Toledo, fin de siglo: visiones contrapuestas (2)

A finales del siglo XIX y principios del XX, la población toledana sostenía visiones diferenciadas de su ciudad

Toledo, fin de siglo: visiones contrapuestas (1)

Vista de Toledo por Ricardo Arredondo (c. 1900): en burro por caminos de tierra frente a la ciudad distante. Museo del Prado.
Vista de Toledo por Ricardo Arredondo (c. 1900): en burro por caminos de tierra frente a la ciudad distante. Museo del Prado.

José Luis del CASTILLO

TOLEDO

Como señaló en su día Félix Urabayen, unos han visto Toledo en relación con sus gentes y prescindido del paisaje; otros han atendido al paisaje olvidando la población; y hay quienes la encierran en una mezcla personal de realidad, historia y leyenda.

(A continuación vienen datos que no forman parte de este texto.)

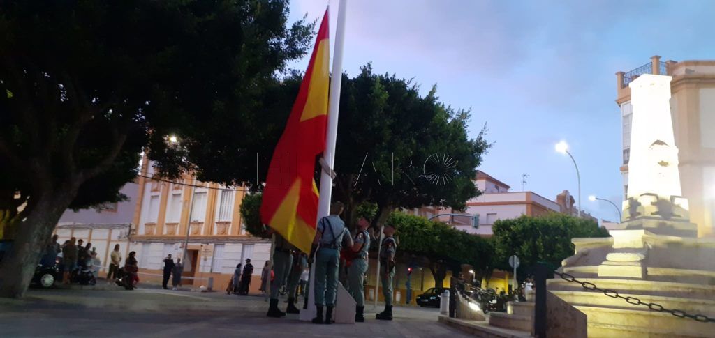 La ceremonia castrense tuvo lugar alrededor de las 20:15 horas de la tarde con la Unidad de Honores, al mando de un oficial y compuesta por Escuadra de Gastadores, una Sección y la Banda de Guerra del Tercio Gran Capitán 1º de La Legión que se encargó del acto del arriado de bandera. La Unidad de Música de la COMGEMEL interpretaba el himno nacional de España.

Cada individuo, habitante o espectador, por fuerza diferentes, privilegia o transmite la imagen que mejor corresponde a su época, su personalidad y sus intereses.

La mirada popular

La visión que tuviera la mayoría de la población empobrecida y marginada se esconde tras el silencio. Era, como escribía Miguel de Unamuno en 1905, «un pueblo mudo». Es de suponer que, para cuantos, faltos de recursos, malvivían en una ciudad para ellos inhóspita, carecía de interés la belleza que otros podían recorrer y contemplar entre sus muros. Era la perspectiva del barbero que escandalizaba a Maurice Barrès, en uno de sus viajes, al afirmar que Toledo, quitando «algunas antigüedades», valía poco. La voz de la clase obrera se va a ir haciendo hueco, sin embargo, en la prensa de la capital a partir de la última década del siglo XIX. Algunos años después, en la primera del XX, periódicos progresistas y republicanos como La Idea, Tribuna Pública y La Justicia abrirán páginas de información obrera, al igual que harán otros más adelante. Surgirá incluso una prensa obrera, con cabeceras como el Boletín de la Sociedad de Albañiles La Progresiva (1903-1904) y Humanidad (1907-1908), fruto de actividades desarrolladas en el Centro de Sociedades Obreras inaugurado en 1903. El Toledo que aparece en esas páginas no tiene nada de artístico ni de monumental. Es una «vieja urbe» cuya población, apremiada por la falta de trabajo, la carestía de las subsistencias, la pobreza y la insalubridad de las viviendas, reclama que sean atendidos los acuciantes problemas que agobian a «las masas proletarias» para evitar que la ciudad quede «reducida a una colonia de empleados civiles, militares y eclesiásticos», posibilidad que aventuraba Tribuna Pública en marzo de 1904.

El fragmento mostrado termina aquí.